Yii: Receiving multiple records for a single model from view in POST method: To save Parent Child data

Question

I am in a situation where I have more than 4 child tables associated with one Parent table. I need to create a user experience in which user presses Save button only once, meaning by, user enters all the data in parent model fields, then enters data in all four child model fields and then presses the save button. As far as I know, having relations in the model allows you to make associated rows inserted easily but the main problem is how to receive multiple rows from view in POST method for a single model (here I essentially mean the child models). I have tried it manually by repeating the attributes of child model in view but when I save the record, only the last rowset gets stored in the child table along with parent table, one row for the child table gets missed. Kindly note that I am using CActiveForm and other Bootstrap widgets in my View files.

Is it possible in Yii or I am too wishful....any suggestions or comments ????

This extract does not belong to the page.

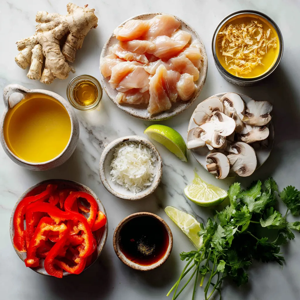 Start by gathering your ingredients. For this soup, you will need chicken breast, ginger, garlic, lemon grass, red bell pepper, and mushrooms. Slice the chicken into thin pieces. This helps it cook fast and stay tender. Grate the ginger and mince the garlic. Bruise the lemon grass to release its oils. Slice the red bell pepper and mushrooms. Keep everything ready before you start cooking.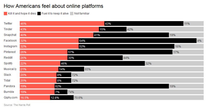RECODE – Jan 6 – Millions of Americans use social media daily. But that doesn't mean they love it. Some of the most-used social media products in the world – Twitter, Snapchat, Facebook and Instagram – are also some of the ones that Americans have strong negative feelings about, according to a recent Harris Poll survey. Tinder was also largely disliked. ~43% of people want it to go away.

Many thanks in advance. Regards, Faisal

Answer 1

I got the solution but with all the help from here and also from other forums. I followed the post by Kiran and tested it by generating additional HTML attributes using jQuery. On the submit, I got all the rows exactly how I wanted. In the controller, first I counted the total number of models submitted in the post request and then iterated over each one for desired processing. Following is the code snippet.

    if(!empty($_POST))
{
    $v=count($_POST['Address'])+1;
    Yii::log(count($_POST['Address']));
    for ($i=1; $i<$v; $i++){
            $addressModel_1->attributes=$_POST['Address'][$i];
            Yii::log('Dumping Data from '.$i.' model');
            Yii::log($addressModel_1->city);
            Yii::log($addressModel_1->street);
            Yii::log($addressModel_1->state);}}

On the view side, I generated the HTML using jQuery function. All this function did was to add another set of html to allow the user to enter data. Important thing to note while generating the HTML is the name of model or else it wouldn't land where you want in controller.

Following is the code snippet of this function. Please note that I am hardcoding the "3" as id since I already had two sets of rows in DOM. I am going to further improve this code but rest assured, the logic works.

function createNewAddress(){
     var newdiv = document.createElement('div');
     var inner_html='<div class="row">';
        inner_html+='<label for="Address_3_street">Street</label>        <input name="Address[3][street]" id="Address_3_street" type="text" maxlength="200" />            </div>';
        inner_html+='<div class="row">';
        inner_html+='<label for="Address_3_city">City</label>        <input name="Address[3][city]" id="Address_3_city" type="text" maxlength="200" />            </div>  ';
        inner_html+='<div class="row">';
        inner_html+='<label for="Address_3_state">State</label>        <input name="Address[3][state]" id="Address_3_state" type="text" maxlength="200" />            </div>';
     newdiv.innerHTML=inner_html;
     $('#user-form').append(newdiv);

}

This way, I can have n-number of child rows added on the fly from browser and user will save all data by pressing the Save or Submit button only once.

Thanks to everyone for their support.

Regards,

Faisal

Answer 2

You could make a new CFormModel to handle all the form fields validation, and then manually set the attributes after the $model->validate in the POST function. EG:

if ($model->validate){
    $model_one = new ModelOne;
    $model_one->name = $model->model_one_name;
    $model_one->surname = $model->model_one_surname;
    ....

    $model_two = new ModelTwo;
    $model_two->name = $model->model_two_name;
    $model_two->surname = $model->model_two_surname;
    ....
}

Answer 3

You should be using tabular input, that way you can receive data for multipe instances of the same type, you can then save the parent and use its id to fill the child foreign keys.